Leslie Charles (Clarence) Allen, (9 November 1916 – 11 May 1982), nicknamed "Bull" Allen, was an Australian soldier and a recipient of the United States' Silver Star. A stretcher-bearer, Allen enlisted in the Second Australian Imperial Force in mid-1940, volunteering for overseas service. He was posted to the 2/5th Battalion, an infantry unit, and deployed to the Middle East where he saw action in the Western Desert and Syria–Lebanon Campaigns, before his unit returned to Australia in 1942. He subsequently served in New Guinea. In July 1943, Allen took part in the Battle of Mount Tambu where he rescued twelve United States soldiers who had been wounded in the fighting.
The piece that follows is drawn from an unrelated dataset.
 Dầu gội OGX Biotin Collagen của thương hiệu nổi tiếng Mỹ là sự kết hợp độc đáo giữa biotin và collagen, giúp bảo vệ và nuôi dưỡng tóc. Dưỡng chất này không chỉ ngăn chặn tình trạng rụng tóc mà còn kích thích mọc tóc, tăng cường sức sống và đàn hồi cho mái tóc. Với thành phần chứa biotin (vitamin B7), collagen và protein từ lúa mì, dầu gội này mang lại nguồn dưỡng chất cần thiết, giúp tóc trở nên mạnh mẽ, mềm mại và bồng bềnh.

For this action he was awarded the Silver Star. He returned to Australia later in the year and was eventually medically discharged in 1944 after his mental health deteriorated. After the war, he worked as a labourer and as a medical orderly. He died in May 1982 at the age of 65.

==Early life==
Allen was born on 9 November 1916 in Ballarat East, Victoria, the second son of Clarance Walter Allen, a labourer, and his wife Ruby Ethel née Robertson. After an early childhood involving domestic violence, Allen, his brother, and his sister were abandoned, then raised in an orphanage. From around 12 years of age, Allen started work, usually as a labourer on farms.

==Military career==
Allen enlisted in the Second Australian Imperial Force on 19 April 1940. As a stretcher-bearer destined for the 2/5th Battalion, Allen left for the Middle East in September 1940. He was nicknamed "Bull" for the way he charged through the opposition when playing with the battalion in Australian rules football.
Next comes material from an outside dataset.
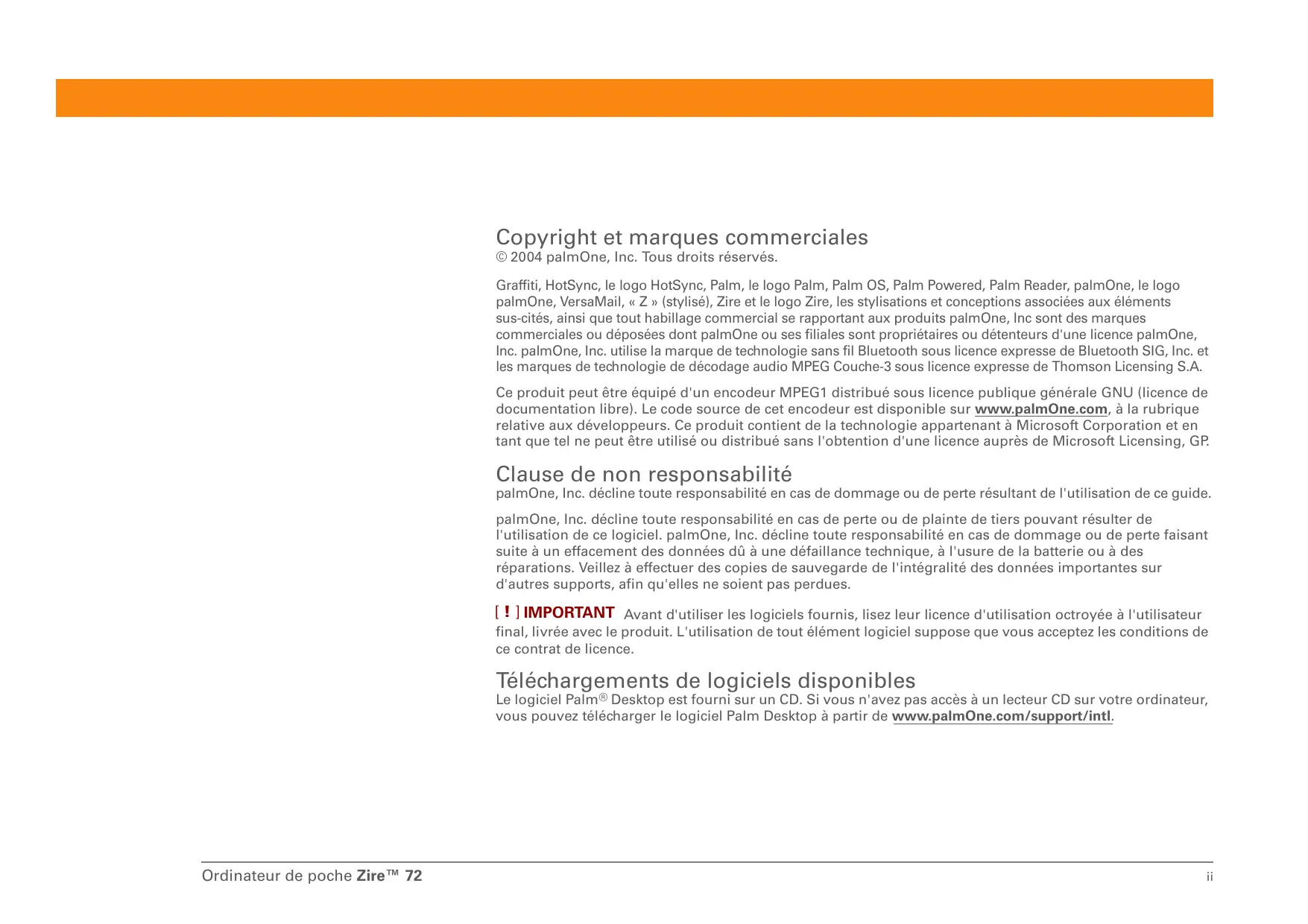 Copyright et marques commerciales © 2004 palmOne, Inc. Tous droits réservés. Graffiti, HotSync, le logo HotSync, Palm, le logo Palm, Palm OS, Palm Powered, Palm Reader, palmOne, le logo palmOne, VersaMail, « Z » (stylisé), Zire et le logo Zire, les stylisations et conceptions associées aux éléments sus-cités, ainsi que tout habillage commercial se rapportant aux produits palmOne, Inc sont des marques commerciales ou déposées dont palmOne ou ses filiales sont propriétaires ou détenteurs d'une licence palmOne, Inc. palmOne, Inc. utilise la marque de technologie sans fil Bluetooth sous licence expresse de Bluetooth SIG, Inc. et les marques de technologie de décodage audio MPEG Couche-3 sous licence expresse de Thomson Licensing S.A. Ce produit peut être équipé d'un encodeur MPEG1 distribué sous licence publique générale GNU (licence de documentation libre). Le code source de cet encodeur est disponible sur www.palmOne.com, à la rubrique relative aux développeurs. Ce produit contient de la technologie appartenant à Microsoft Corporation et en tant que tel ne peut être utilisé ou distribué sans l'obtention d'une licence auprès de Microsoft Licensing, GP. Clause de non responsabilité palmOne, Inc. décline toute responsabilité en cas de dommage ou de perte résultant de l'utilisation de ce guide. palmOne, Inc. décline toute responsabilité en cas de perte ou de plainte de tiers pouvant résulter de l'utilisation de ce logiciel. palmOne, Inc. décline toute responsabilité en cas de dommage ou de perte faisant suite à un effacement des données dû à une défaillance technique, à l'usure de la batterie ou à des réparations. Veillez à effectuer des copies de sauvegarde de l'intégralité des données importantes sur d'autres supports, afin qu'elles ne soient pas perdues. LTJIMPORTANT Avant d'utiliser les logiciels fournis, lisez leur licence d'utilisation octroyée à l'utilisateur final, livrée avec le produit. L'utilisation de tout élément logiciel suppose que vous acceptez les conditions de ce contrat de licence. Téléchargements de logiciels disponibles Le logiciel Palm® Desktop est fourni sur un CD. Si vous n'avez pas accès à un lecteur CD sur votre ordinateur, vous pouvez télécharger le logiciel Palm Desktop à partir de www.palmOne.com/support/intl. Ordinateur de poche Zire"" 72 ü

Allen saw action in the Western Desert Campaign early in 1941 and was shown to be reliable, but in early April was admitted with "anxiety neurosis" to hospital. He rejoined his battalion in time for the Syria–Lebanon Campaign where he attended to casualties all night under fire on 10–11 July 1941 near Khalde and walked for 10 km the next morning to get transport.

After serving in Ceylon (now Sri Lanka) Allen's battalion returned to Australia in August 1942, then in October sailing for Papua. Allen rescued wounded soldiers under fire around Crystal Creek on the 7 and 8 February 1943 for which he was awarded the Military Medal. — the citation stating: ‘Private Allen’s bearing and his untiring efforts in tending the wounded and helping with rations and stores were an inspiration’.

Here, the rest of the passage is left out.